A Hawaiian unit of Macquarie Infrastructure Co. had asked the Hawaii Public Utilities Commission (PUC) in late 2012 for approval to bring in containerized LNG (see Daily GPI, Oct. 2, 2012). Macquarie’s Hawaii Gas is the only company in the state with authorization to introduce LNG into the state’s energy mix.
As the only state-franchised full service gas company in Hawaii, Macquarie’s gas distributor intends to ship LNG from the U.S. mainland and use it as a backup fuel source for its synthetic natural gas operations on Oahu as a means of increasing the reliability of its fuel supply to residential and commercial customers. Regasified LNG and synthetic natural gas are virtually identical.
Hawaii Gas has an application pending at FERC seeking authorization to operate facilities that “will be used to receive, unload, load, store, transport, gasify or process natural gas that is sourced on the continental U.S. and transported by waterborne vessel to Hawaii.”
It is the first of what the company has outlined as a three-phase Federal Energy Regulatory (FERC) application process that would add facilities incrementally, building the eventual capability to supply gas for up to 75% of its customers’ requirements, and provide fuel for up to 400 MW of power generation facilities and for industrial and other commercial applications.
Hawaii Gas said it intends to use International Organization for Standardization (ISO) containers to ship the LNG to Oahu on conventional container ships, rather than LNG tankers. ISO containers typically hold 10,000 gallons of LNG, which would be regasified and mixed in the local utility’s distribution pipelines in Honolulu using a mobile vaporization unit.
The source of the U.S. gas supplies and the site of the liquefaction have not been identified.
Noting that Macquarie’s Hawaii unit has been pursuing an LNG strategy for several years, CEO James Hooke said with the prospect of LNG use he looks forward to Hawaii Gas lowering the cost of the energy it provides.

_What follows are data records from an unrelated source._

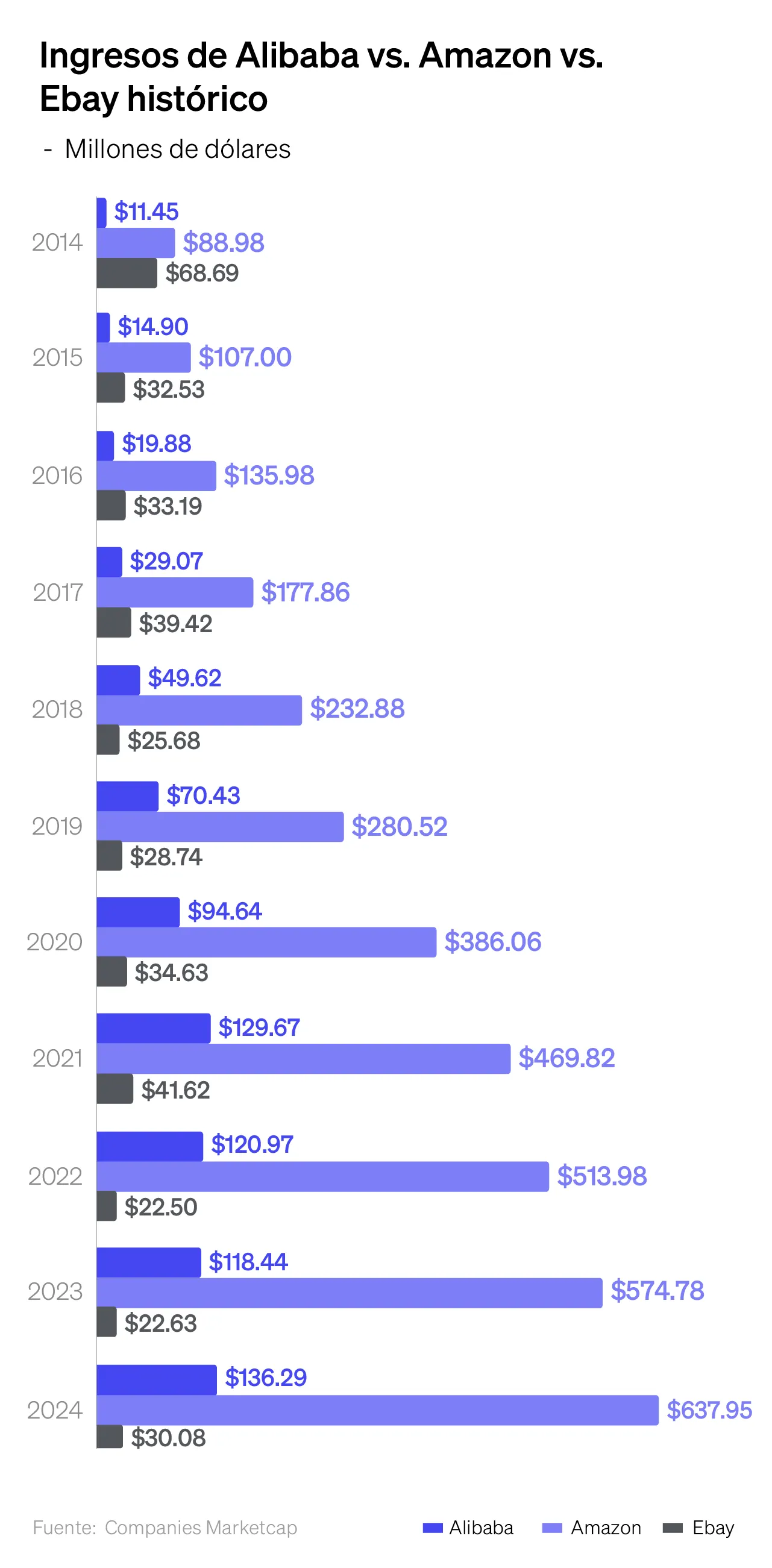 En su mejor año fiscal, Alibaba superó los $136,000 millones de dólares en ingresos, una cifra comparable con gigantes como Amazon (que en ese mismo año facturó $637,000 millones) pero muy por encima de jugadores como eBay, que generó apenas $30,000 millones. Aunque aún lejos del tamaño de Amazon en términos de ingresos, Alibaba domina con claridad el mercado digital chino y representa un modelo único de empresa integrada y adaptada a las condiciones de su país.
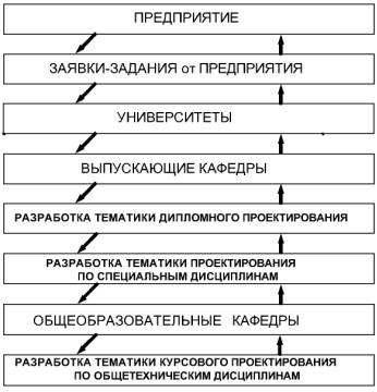 Организация непрерывного курсового проектирования начинается с запросов-задач предприятия университету. На выпускающих кафедрах разрабатывается тематика дипломного проектирования в соответствии с запросом предприятия. Затем выпускающие кафедры разрабатывают под тематику выпускных квалификационных работ тематику курсового проектирования по специальным дисциплинам. И наконец, на общеобразовательных кафедрах разрабатывается тематика курсового проектирования по общетехническим дисциплинам в соответствии с тематикой проектирования по специальным дисциплинам выпускающих кафедр (на рисунке показано наклонными стрелками).
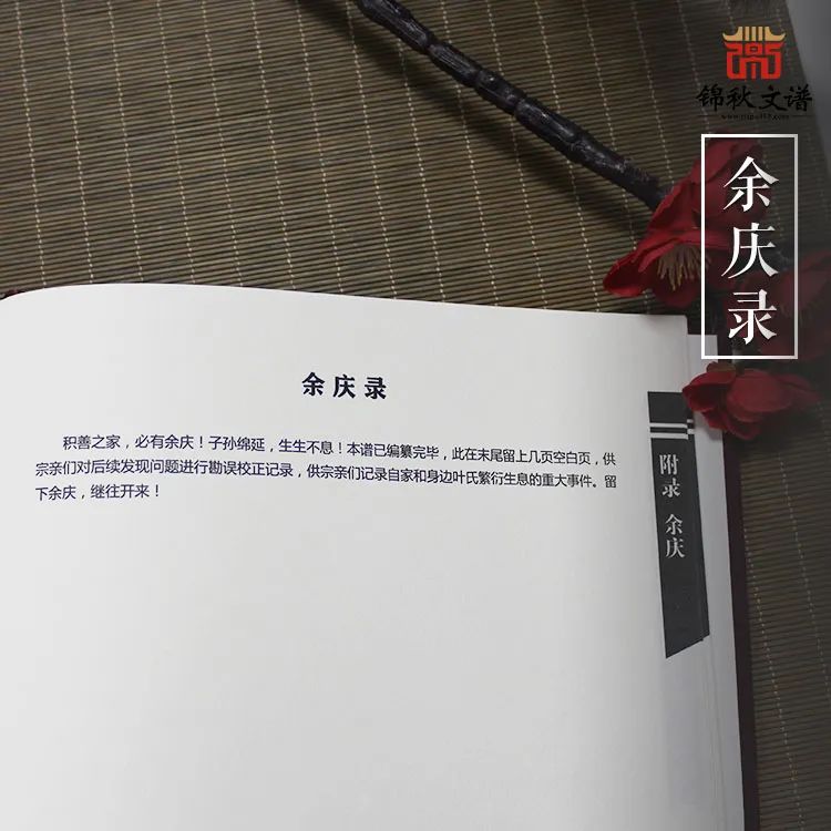 余慶錄在每年家族出現(xiàn)新生命時(shí)會(huì)作為記載家族添丁進(jìn)口的載體。余慶錄具有美好的寓意,就是昭示我們的子孫后代能夠瓜瓞綿綿、繁榮昌盛。所以在編修家譜時(shí)一定要給家譜留幾頁余慶錄。家譜最后幾頁所留的空白紙,供族中添丁進(jìn)口時(shí)填寫,所填寫的內(nèi)容包括家族人口變化情況和婚喪嫁娶、遷移、繼嗣等事項(xiàng),便于在下一次續(xù)修家譜的時(shí)候,將這些內(nèi)容補(bǔ)入到正式家譜中。
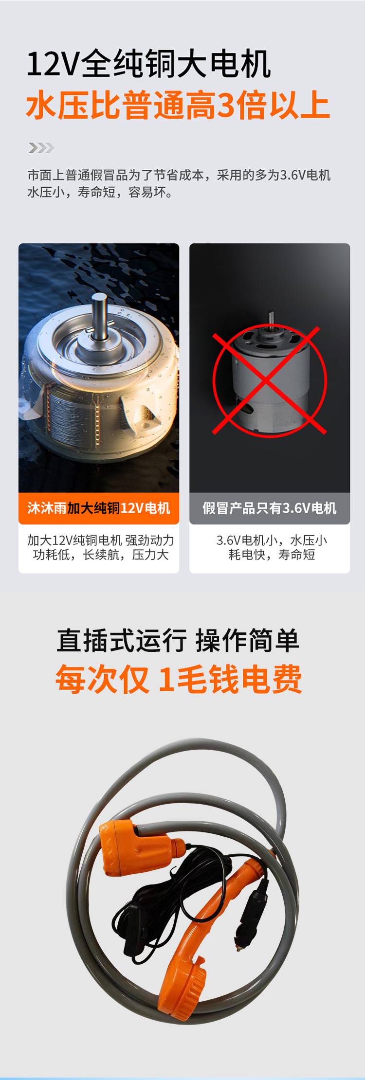 巨辰品牌USB充电便携式户外淋浴喷头车载直插式花洒
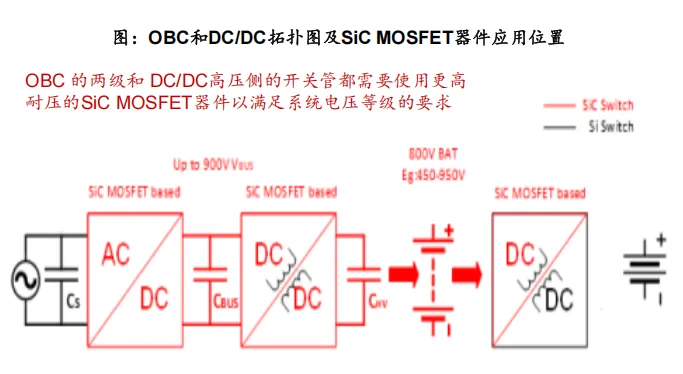 • 从下游需求来看, 目前新能源汽车往低成本、小尺寸、轻量化以及高性能发展,对应的车载电源系统整体方向向集成化、高压化发展,推动部件在功率密度、耐压性和效率方面提升。
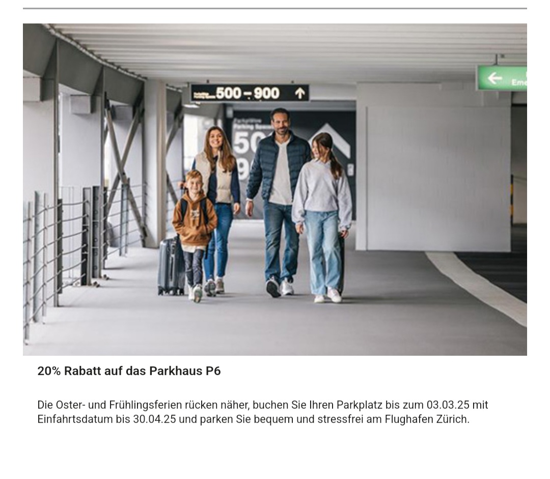 Die Oster- und Frühlingsferien rücken näher, buchen Sie Ihren Parkplatz bis zum 03.03.25 mit Einfahrtsdatum bis 30.04.25 und parken Sie bequem und stressfrei am Flughafen Zürich.
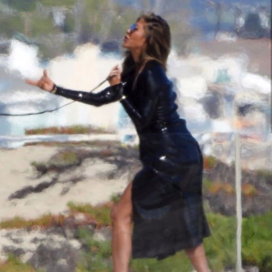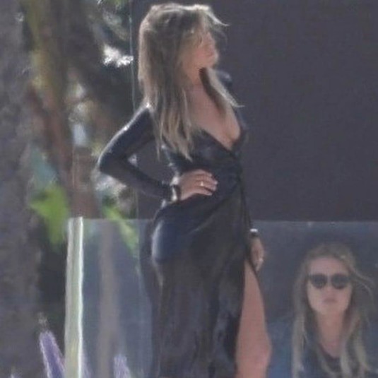 50-летняя Дженнифер Энистон приняла участие в новой фотосессии, кадры с бэкстейджа которой накануне появились в сети. Звезда попала в объективы папарацци во время очередной модной съемки, которая проходила на одном из пляжей Малибу. На кадрах актриса предстает в черном латексном платье-халате с глубоким декольте, обнажающим ее грудь, и разрезом на ноге.
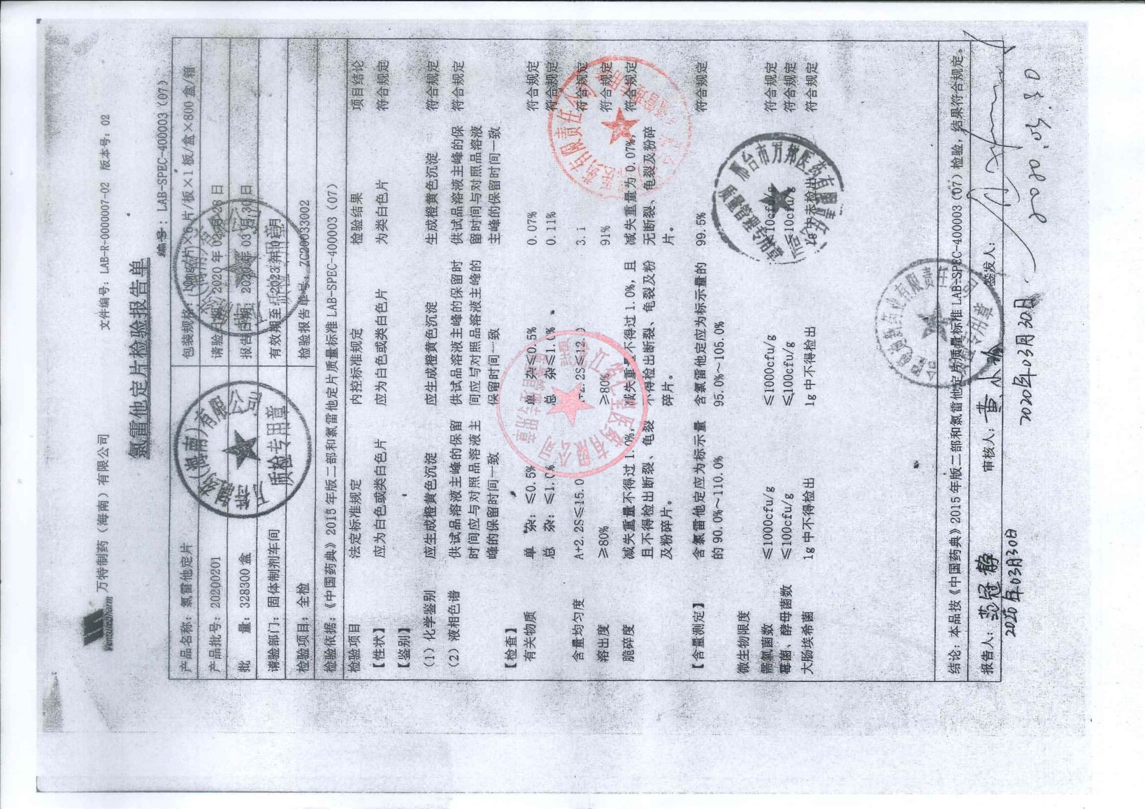_氯雷他定片2020
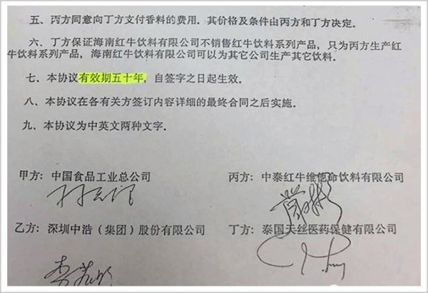 当时,严彬和许书标签订的协议是,在50年经营期限内,严彬负责生产销售,而许书标通过向红牛中国销售原材料、提供工艺配方获取利润,确保50年内中国红牛是大陆独家。
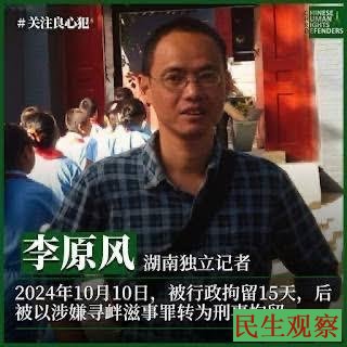李原风,男,1970年4月12日出生,本名李维忠,网名原野之风、原风,湖南省益阳市沅江市人,独立记者,人权捍卫者,中国在押政治犯。
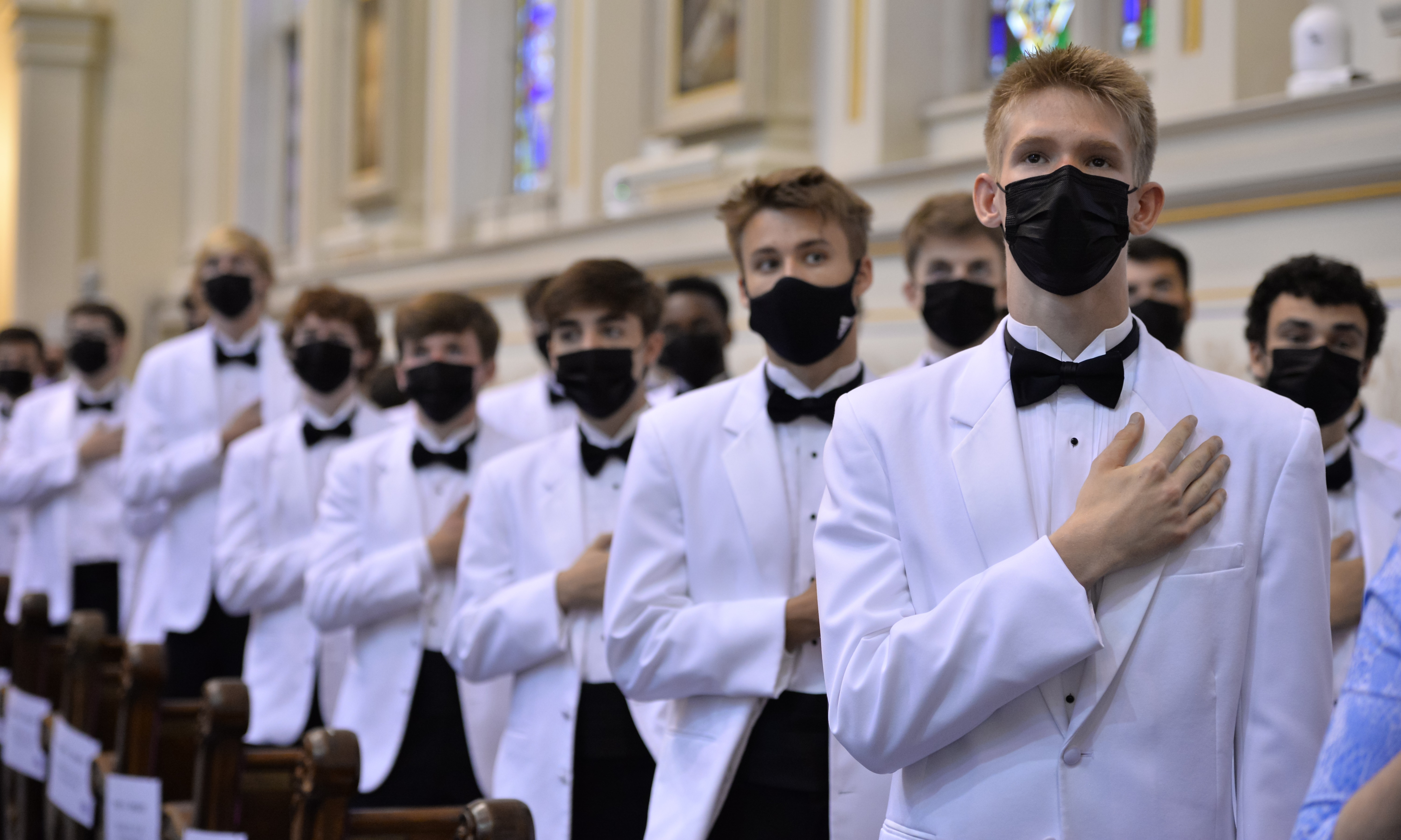 The pews and chairs set on the altar area of St. Aloysius Church were filled with faculty and alumni, with the guests masked but not sitting at a distance from each other. The graduates wore identical white suit coats with black pants, ties and face masks. Several traditional elements of graduation ceremonies that had been curtailed for pandemic precautions were back: singing, playing musical instruments and congratulatory handshakes.

Last year a study at the University of Hawaii concluded that LNG could cut oil-based energy bills in Hawaii substantially during the next 20 years (see Daily GPI, Jan. 9, 2013). On Oahu, natural gas would cost about half of what oil would through 2030, according to the report, which was compiled by Honolulu-based consulting firm FACTS Inc. for the university’s Hawaii Natural Energy Institute. But the study added the caveat that before making any final determinations, LNG planners need to carefully consider questions about sourcing and terminal site options.